- _What you have to do_
Images are to be skipped; everything else in the records must be repeated exactly.
Input data Start Marker
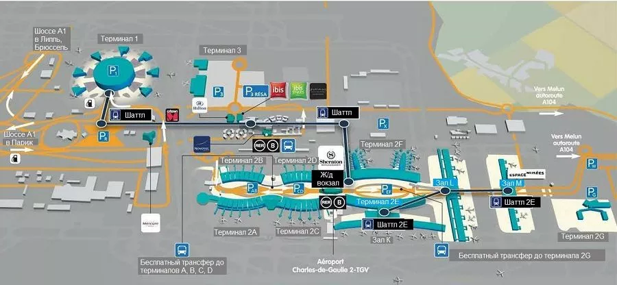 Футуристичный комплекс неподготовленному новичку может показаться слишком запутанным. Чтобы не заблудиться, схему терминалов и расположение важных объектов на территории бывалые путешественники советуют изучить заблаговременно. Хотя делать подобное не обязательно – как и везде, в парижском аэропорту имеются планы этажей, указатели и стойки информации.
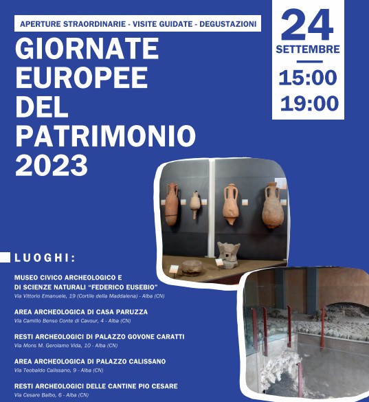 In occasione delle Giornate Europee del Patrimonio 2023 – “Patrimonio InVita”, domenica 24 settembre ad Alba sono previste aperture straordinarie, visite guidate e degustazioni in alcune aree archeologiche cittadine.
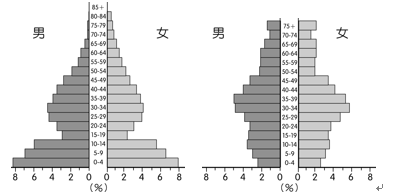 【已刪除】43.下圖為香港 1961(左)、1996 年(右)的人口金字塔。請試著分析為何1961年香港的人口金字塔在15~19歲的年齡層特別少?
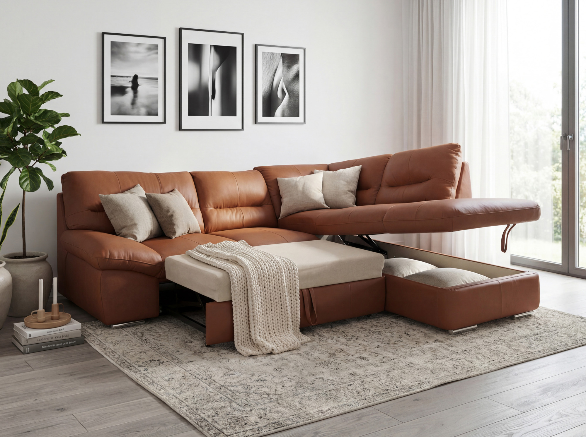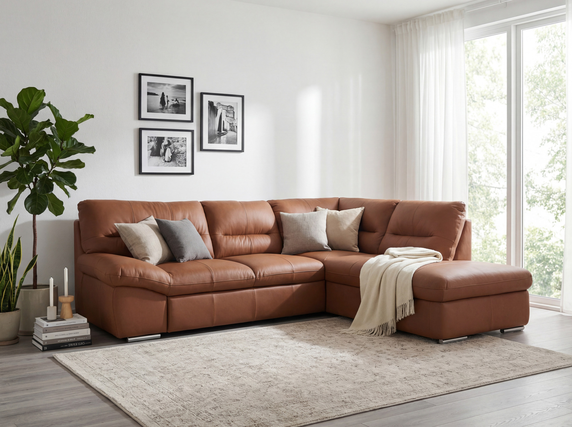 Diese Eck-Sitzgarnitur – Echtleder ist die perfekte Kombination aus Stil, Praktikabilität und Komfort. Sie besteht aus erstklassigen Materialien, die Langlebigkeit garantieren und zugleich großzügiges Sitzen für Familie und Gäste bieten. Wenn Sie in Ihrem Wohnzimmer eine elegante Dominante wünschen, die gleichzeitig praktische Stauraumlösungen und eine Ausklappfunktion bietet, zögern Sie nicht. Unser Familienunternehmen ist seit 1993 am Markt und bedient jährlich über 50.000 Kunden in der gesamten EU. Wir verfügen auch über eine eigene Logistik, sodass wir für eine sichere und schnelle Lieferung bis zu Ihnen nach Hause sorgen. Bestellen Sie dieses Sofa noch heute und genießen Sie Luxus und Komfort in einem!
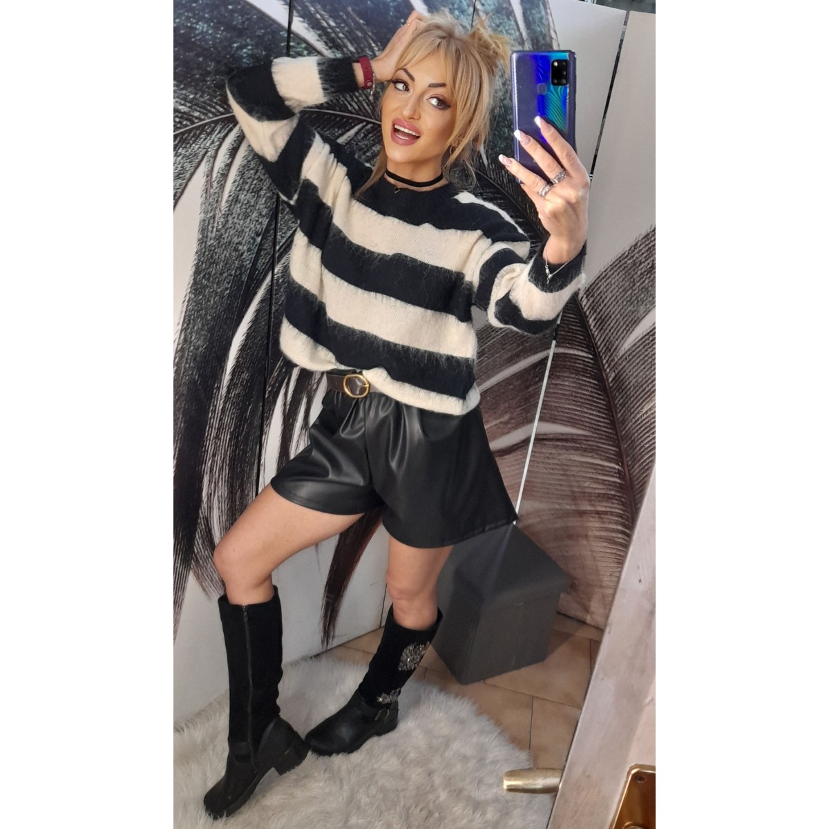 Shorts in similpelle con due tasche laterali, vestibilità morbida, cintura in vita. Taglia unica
Input data End Marker
- _Solution to this exercise_
 Футуристичный комплекс неподготовленному новичку может показаться слишком запутанным. Чтобы не заблудиться, схему терминалов и расположение важных объектов на территории бывалые путешественники советуют изучить заблаговременно. Хотя делать подобное не обязательно – как и везде, в парижском аэропорту имеются планы этажей, указатели и стойки информации.
 In occasione delle Giornate Europee del Patrimonio 2023 – “Patrimonio InVita”, domenica 24 settembre ad Alba sono previste aperture straordinarie, visite guidate e degustazioni in alcune aree archeologiche cittadine.
 【已刪除】43.下圖為香港 1961(左)、1996 年(右)的人口金字塔。請試著分析為何1961年香港的人口金字塔在15~19歲的年齡層特別少?
 Diese Eck-Sitzgarnitur – Echtleder ist die perfekte Kombination aus Stil, Praktikabilität und Komfort. Sie besteht aus erstklassigen Materialien, die Langlebigkeit garantieren und zugleich großzügiges Sitzen für Familie und Gäste bieten. Wenn Sie in Ihrem Wohnzimmer eine elegante Dominante wünschen, die gleichzeitig praktische Stauraumlösungen und eine Ausklappfunktion bietet, zögern Sie nicht. Unser Familienunternehmen ist seit 1993 am Markt und bedient jährlich über 50.000 Kunden in der gesamten EU. Wir verfügen auch über eine eigene Logistik, sodass wir für eine sichere und schnelle Lieferung bis zu Ihnen nach Hause sorgen. Bestellen Sie dieses Sofa noch heute und genießen Sie Luxus und Komfort in einem!
 Shorts in similpelle con due tasche laterali, vestibilità morbida, cintura in vita. Taglia unica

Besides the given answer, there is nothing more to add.